Two large recent studies show that people hospitalized for COVID-19 in March were more than three times as likely to die as people hospitalized for COVID–19 in August.
The first study used data from three hospitals in New York City. The chance of death for someone hospitalized for the coronavirus in those hospitals dropped from an adjusted 25.6% in March to 7.6% in August. The second study, which looked at survival rates in England, found a similar improvement.
Continuous, significant improvement
In March, out of 1,724 people hospitalized for COVID-19 in the three New York hospitals, 430 died. In August, 134 were hospitalized and five died. This change in the raw numbers could be driven by who was arriving at the hospital—if only older people were getting sick, the death rate would be higher, for example—but the researchers controlled for this in their calculations.
To better understand what was causing this decrease in hospitalization death rate, the researchers accounted for a number of possible confounding factors, including the age of patients at hospitalization, race and ethnicity, the amount of oxygen support individuals needed when they got to the hospital and such risk factors as being overweight, smoking, high blood pressure, diabetes, lung disease and so on.
No matter what their specific situation, a person hospitalized in March for COVID-19 was more than three times as likely to die as one hospitalized in August.
The study in England looked at hospitalized coronavirus patients who were sick enough to go to a high-dependency unit (HDU) – one where they were monitored closely for oxygen needs—or the intensive care unit (ICU). As in the New York study, the researchers also accounted for confounding factors, but they calculated survival rates instead of mortality rates.
Looking at 21,082 hospitalizations in England from March 29 to June 21, 2020, the authors found a continuous improvement in survival rates of 12.7% per week in the HDU and 8.9% per week in the ICU. Overall, between March and June the survival rate improved from 71.6% to 92.7% in the HDU and from 58% to 80.4% in the ICU. These increases in survival after hospitalization for the coronavirus in England mirrored the changes in New York City.
Better treatments and better care are responsible
The main reason researchers think coronavirus patients are doing better is simply that there are now effective treatments for the virus that didn’t exist in March.
I am a practicing infectious disease doctor at the University of California, San Francisco, and I have witnessed these improvements firsthand. Early on, my colleagues and I had no idea how to treat this brand-new virus that burst onto the scene in late 2019. But over the spring, large studies tested different treatments for COVID-19 and we now use an antiviral called remdesivir and a steroid called dexamethasone to treat our hospitalized coronavirus patients.

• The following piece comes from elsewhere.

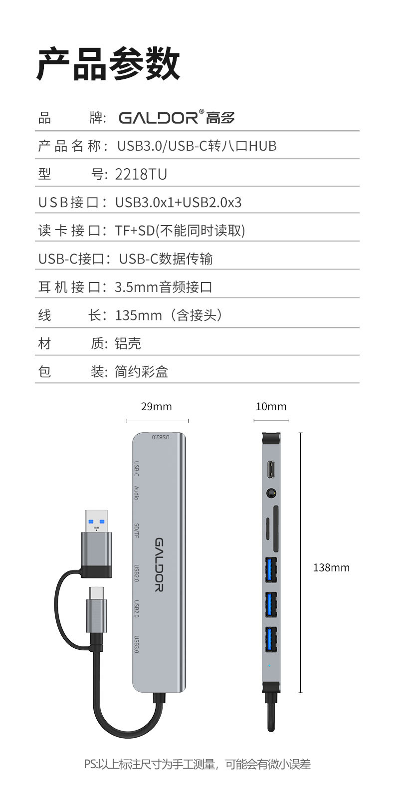 | Color Classification | Dual-Head 8-Port Expansion[2218TU],Dual-Head 7-Port Expansion[2217TU],Dual-Head 5-Port Expansion[2103TU],Dual-Head 4-Port Full Usb3.0HUB[2013TU3],Dual-Head 4-Port USB Hub[2013TU],Type-C to 4-Port Usb+Pd Charging[Charge and Use 2301] |

Along with these new treatments, physicians gained experience and learned simple techniques that improved outcomes over time, such as positioning a patient with low oxygen in a prone position to help distribute oxygen more evenly throughout the lungs. And as time has gone on, hospitals have become better prepared to handle the increased need for oxygen and other specialized care for patients with the coronavirus.
Though improvements in care and effective drugs like remdesivir and dexamethasone have helped greatly, the virus is still very dangerous. People with severe cases can suffer prolonged symptoms of fatigue and other debilitating effects. Therefore, other treatments should be and are still explored.
Public health measures help too
Treatments have undoubtedly gotten better. But the authors of the New York City study specifically mention that public health measures not only led to the plummeting hospitalization rates—1,724 in March vs. 134 in August—but might have helped lower death rates too.